Task objective: Nothing but the text should be carried over: reproduce all the data exactly and leave out every image.

Recorded data:

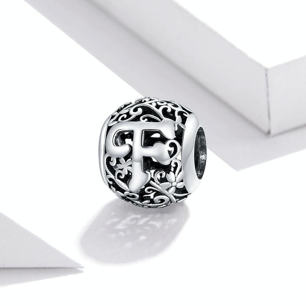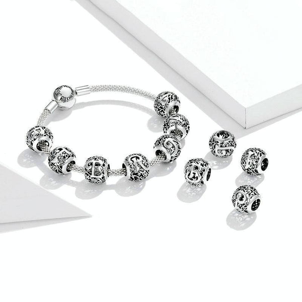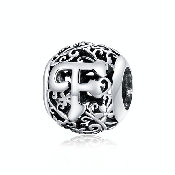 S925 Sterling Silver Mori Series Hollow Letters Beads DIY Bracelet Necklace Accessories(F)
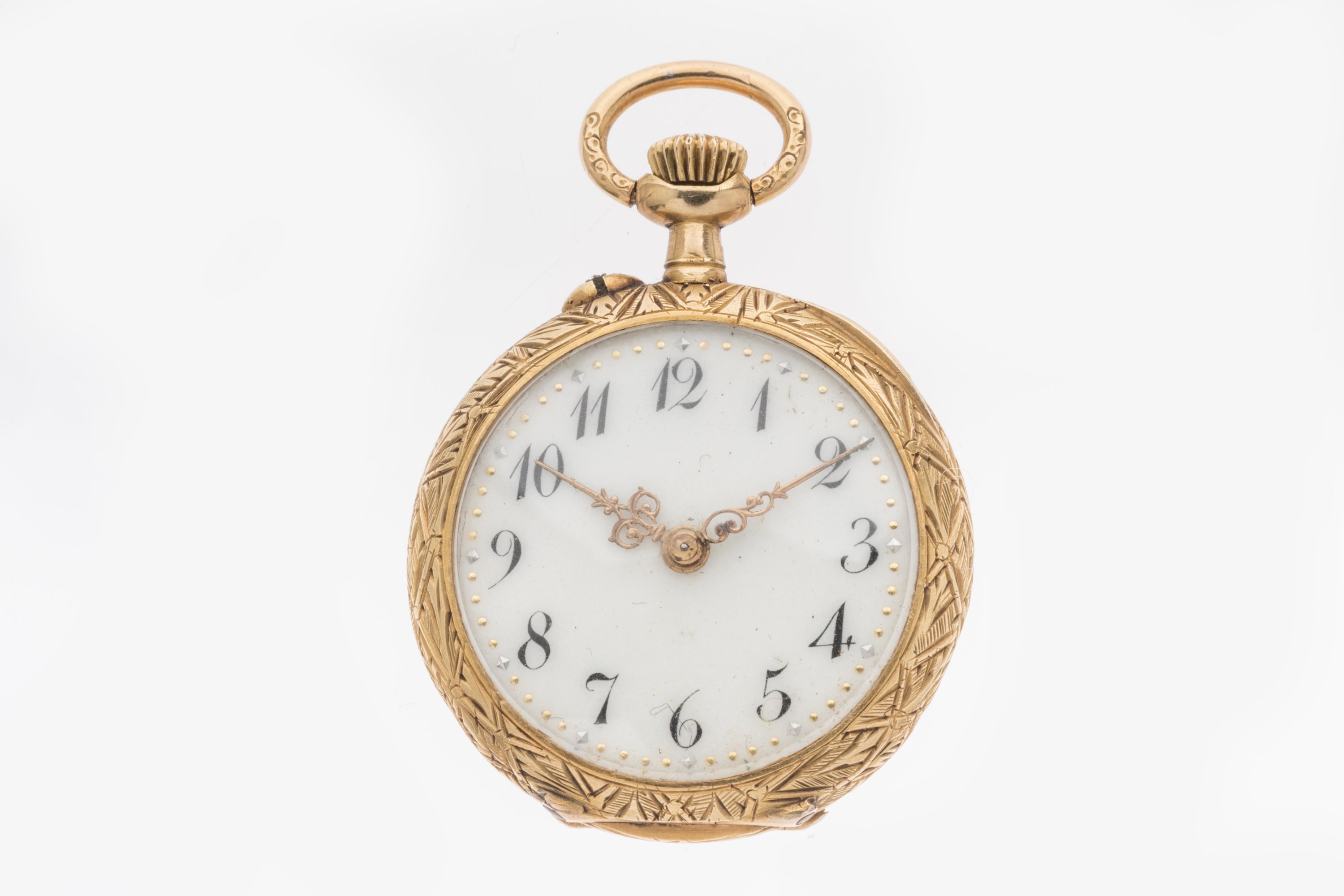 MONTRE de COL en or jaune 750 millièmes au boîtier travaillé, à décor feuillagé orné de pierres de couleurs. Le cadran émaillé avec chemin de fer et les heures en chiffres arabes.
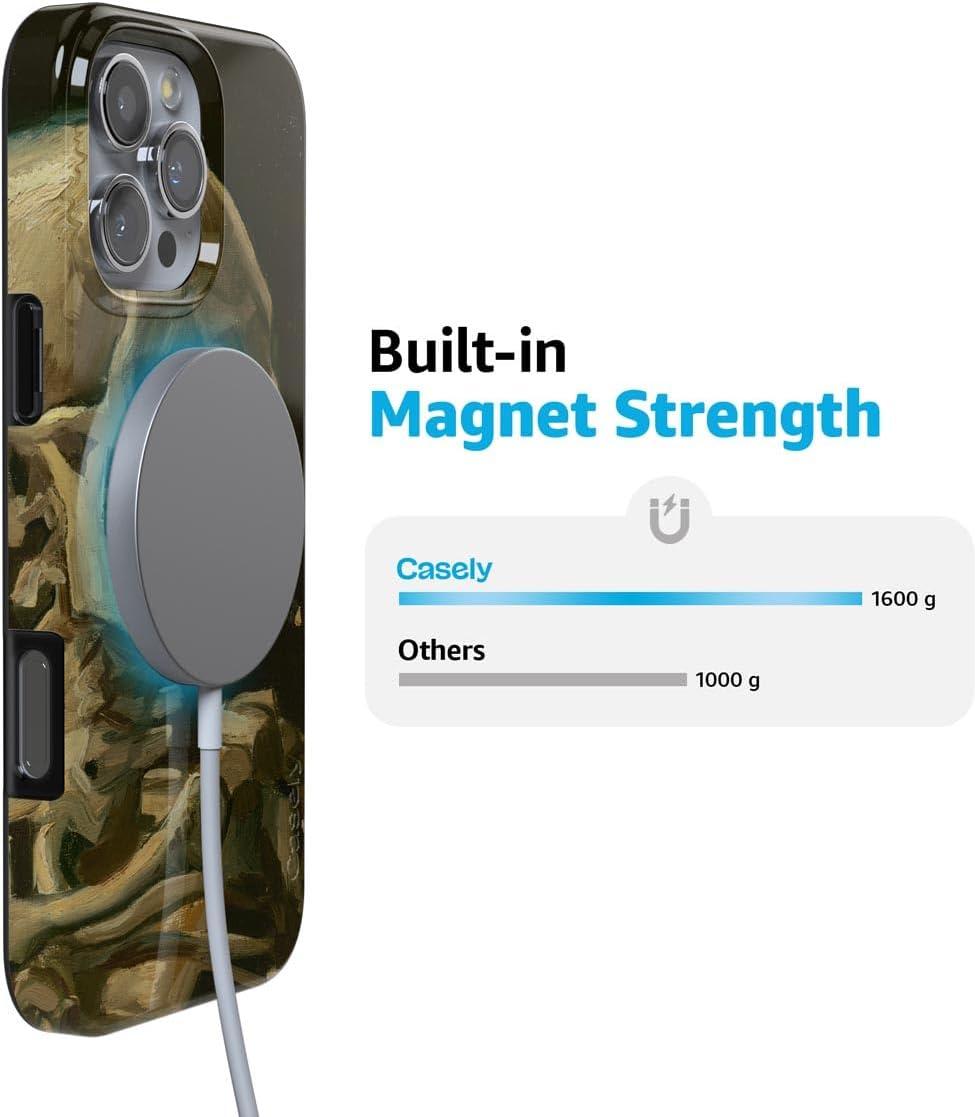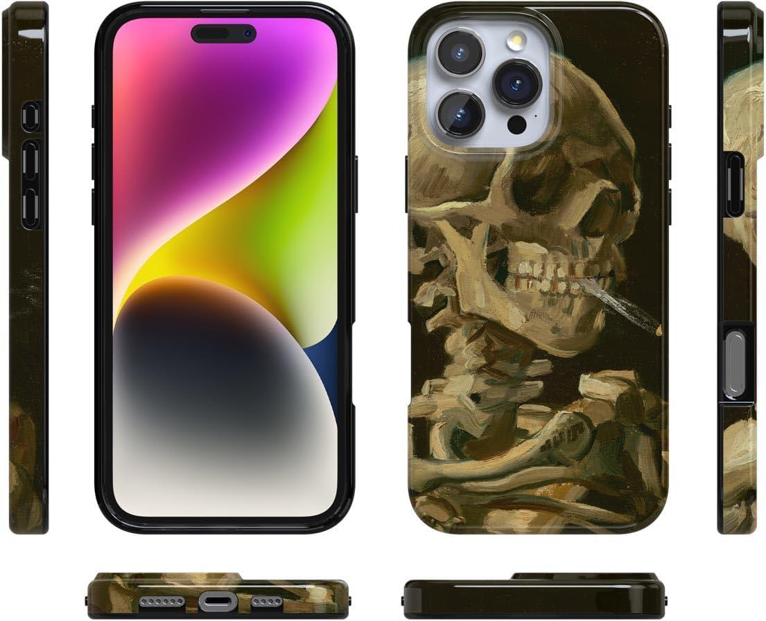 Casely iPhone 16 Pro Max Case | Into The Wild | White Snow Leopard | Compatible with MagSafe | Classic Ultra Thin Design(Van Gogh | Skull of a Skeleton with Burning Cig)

Task solution:
 S925 Sterling Silver Mori Series Hollow Letters Beads DIY Bracelet Necklace Accessories(F)
 MONTRE de COL en or jaune 750 millièmes au boîtier travaillé, à décor feuillagé orné de pierres de couleurs. Le cadran émaillé avec chemin de fer et les heures en chiffres arabes.
 Casely iPhone 16 Pro Max Case | Into The Wild | White Snow Leopard | Compatible with MagSafe | Classic Ultra Thin Design(Van Gogh | Skull of a Skeleton with Burning Cig)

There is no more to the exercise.